Modeling Resilience for Others…Are you “that guy”?

Yesterday, as I was backing up, I was jerked back in my seat as my car thudded to a stop.

This unpleasant feeling was coupled with the sickening sound track of smashing glass and crumpling bumper.

I had hit one of the columns that bordered my driveway entrance.

It was a simple result of being preoccupied and having parked too close to the edge of the driveway.

My first thought was, of course “Oh great….how much is this going to cost?” along with what an unnecessary waste of money and time this was.

I then thought about all the fun things I could have bought with the money I was going to spend on fixing my car.

If only I had been paying attention.

Then I thought about my friend Greg Fall of Core Concepts.

He recently A) hit a deer with his Ford Explorer which put his Explorer out of commission for over a week, and B) had something costing several hundred dollars stolen from his vehicle.

In both instances when I offered sympathy, he said “I don’t get upset over those types of things.”

I found myself thinking “Well, if my buddy Greg doesn’t let those things ruin his day, if he doesn’t obsess about them, I don’t have to either!”

Even Though I Know and Teach This Stuff…

Now, keep in mind, I KNOW misery is optional.

I know how our thoughts affect our emotions, and that we can choose our thoughts…and therefore we can change our emotions.

I teach this stuff.

And…that simple act of remembering how my friend Greg modeled these practices in action got me back on track in a flash.

I didn’t have to go through this big Challenging Negative Self-Talk process. All I had to do was remember what Greg modeled.

From there, I reminded myself of good old Instant Perspective, i.e. – “A year from now, will this be a big deal?” and “In the scheme of things, will whatever it ends up costing, really affect my life?”

Of course, the answer to both was “No.”

So, I went on and had a great day.

So…I share this with you for three reasons:

1) To encourage you to pay attention to how people react to difficult situations and adversity, and take note of the resilient responses—and learn to use them yourself.
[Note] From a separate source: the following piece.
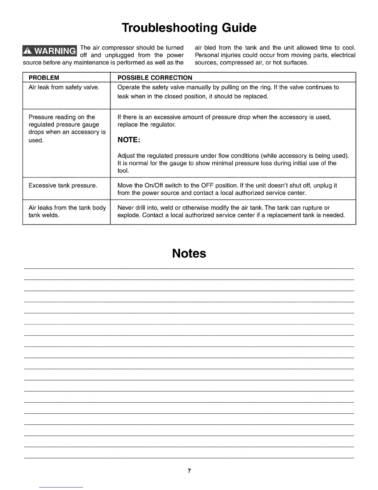 Never drill into, weld or otherwise modify the air tank. The tank can rupture or
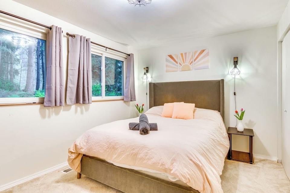 Dette feriehus befinder sig i Cottage Lake – et område i Woodinville. Woodinville Whiskey Co og Chateau Ste. Michelle er begge et besøg værd, hvis oplevelser står på agendaen, mens dem der er interesseret i seværdigheder, kan kigge forbi Woodland Park Zoologisk Have og K1 Speed Seattle. Ser du frem til et event eller en sportbegivenhed under din rejse? Se, hvad Marymoor Park eller Olympic View Arena har på programmet. Dette sommerhus med masser af hjerterum ligger i Woodinville og lader dig opleve lidt af det hele. Overnatningsstedet råder bekvemt nok over parkering på stedet, så du kan nemt tage den hurtige køretur på 5 minutter til Chateau Ste. Michelle eller de 4 minutters kørsel til Woodinville Whiskey Co. Efter at du har fundet dig til rette i ferieboligen, kan du nyde godt af 4 soveværelser og 3 badeværelser samt en stue, aircondition og et skrivebord. Log på stedets gratis Wi-Fi, eller slå dig ned foran tv'et. Overnatningsstedets køkken er udstyret med en ovn, en kogeplade og en opvaskemaskine samt en kaffemaskine, en isterningemaskine og en mikrobølgeovn. Der er en vaskemaskine, så du behøver endda ikke pakke så meget. Andre faciliteter omfatter sengelinned, et strygebræt og varme.

2) To encourage you to notice the ways people stress themselves out, the words they use, the ways they interpret situations in a negative light, and then examine yourself to see if you’re doing these.

3) To remind you that you can be a great role model for others, through your words and actions. You don’t have to be some personal development icon to affect others. With that in mind, remember when you bring your best self to a situation, it’s not just you who benefits. Others are watching and learning.

BTW, getting the process in motion with my insurance company (Holden Insurance) and the collision shop I chose (Prime Collision) couldn’t have been smoother or easier. I share that because it’s another great example of how unproductive and inaccurate Fortune Telling and Catasphrozing can be. I could have kept telling myself throughout the day that it was going to be a big hassle to deal with my insurance company and the body repair shop, and gotten myself stressed ahead of time.

And it all would have been fiction…written my me.